38. A method according to claim 33 wherein the antagonist is administered during and after treatment with the chemotherapeutic agent.
39. A method according to claim 33 wherein the antagonist is administered before and after treatment with the chemotherapeutic agent.
40. A method according to claim 33 wherein the antagonist is administered before, during, and after treatment with the chemotherapeutic agent.

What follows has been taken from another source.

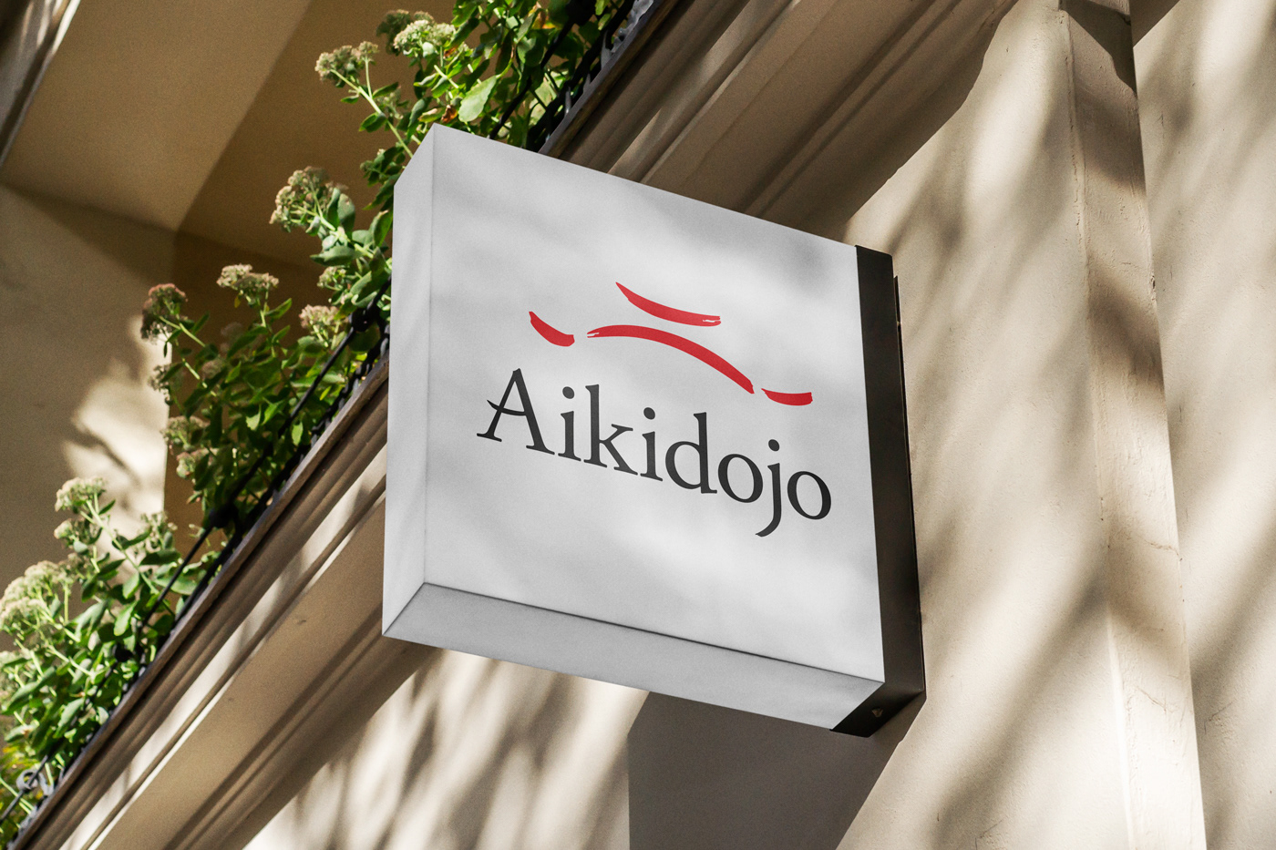The Aikidojo identity is built from three elements: Aikido philosophy, the dojo’s unique architecture, and the Japanese Enso symbol. The mark abstracts the distinctive roof structure of the space, while the custom typography incorporates brush-inspired strokes reflecting balance and flow in Japanese philosophy.

41. A method according to claim 33 wherein the chemotherapeutic agent is selected from the group consisting of cisplatin, dacarbazine, dactinomycin, mechlorethamine, streptozocin, cyclophosphamide, carmustine, lomustine, doxorubicin, daunorubicin, procarbazine, mitomycin, cytarabine, etoposide, methotrexate, 5-fluorouracil, vinblastine, vincristine, bleomycin, paclitaxel, docetaxel, aldesleukin, asparaginase, busulfan, carboplatin, cladribine, dacarbazine, floxuridine, fludarabine, hydroxyurea, ifosfamide, interferon alpha, leuprolide, megestrol, melphalan, mercaptopurine, plicamycin, mitotane, pegaspargase, pentostatin, pipobroman, plicamycin, streptozocin, tamoxifen, teniposide, testolactone, thioguanine, thiotepa, uracil mustard, vinorelbine, chlorambucil, taxol and combinations thereof.
42. A method according to claim 33 wherein the chemotherapeutic agent is selected from the group consisting of cisplatin, doxorubicin, taxol and combinations thereof.
43. A method according to claim 33 wherein the tumors cells affect hemopoietic structures.
44. A method according to claim 33 wherein the antagonist is a monoclonal antibody.